Work instruction:
Your response should contain exactly the lines running from the one with "Plaster Mason, Block" to the end of the data below, both included, and no pictures.

Data segment:

- Opening Delimiter -

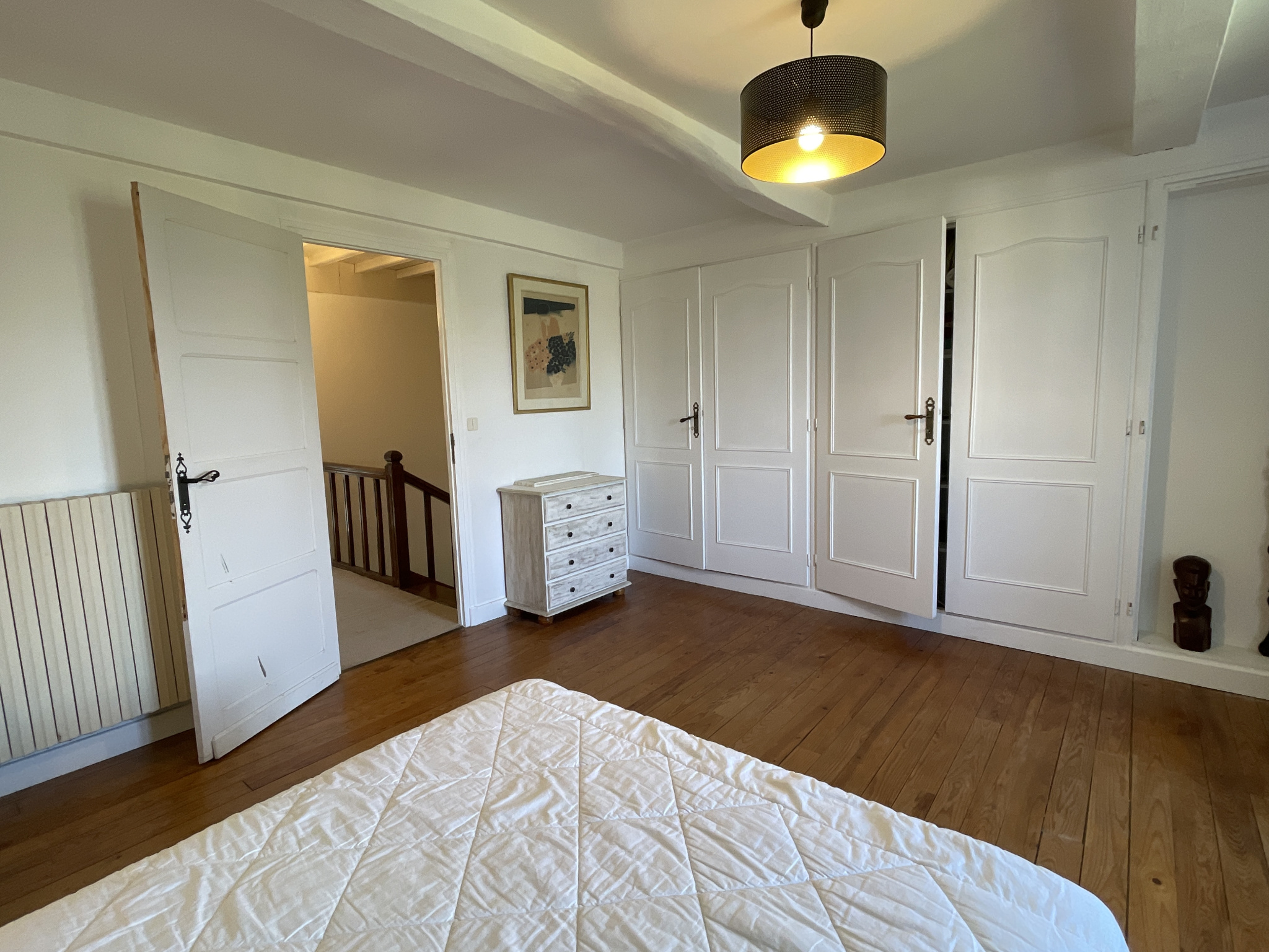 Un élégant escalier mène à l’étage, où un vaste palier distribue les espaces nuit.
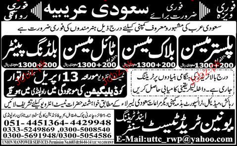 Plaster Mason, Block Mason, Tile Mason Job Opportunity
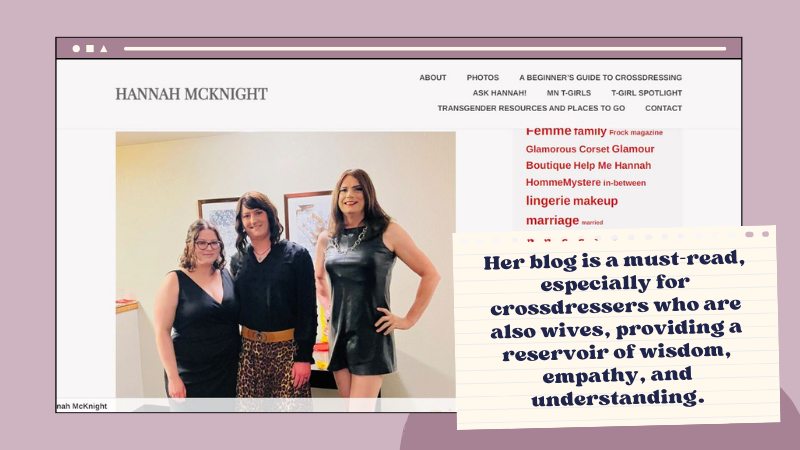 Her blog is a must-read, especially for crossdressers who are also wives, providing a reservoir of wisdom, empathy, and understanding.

- Closing Delimiter -

Output for this exercise:
 Plaster Mason, Block Mason, Tile Mason Job Opportunity
 Her blog is a must-read, especially for crossdressers who are also wives, providing a reservoir of wisdom, empathy, and understanding.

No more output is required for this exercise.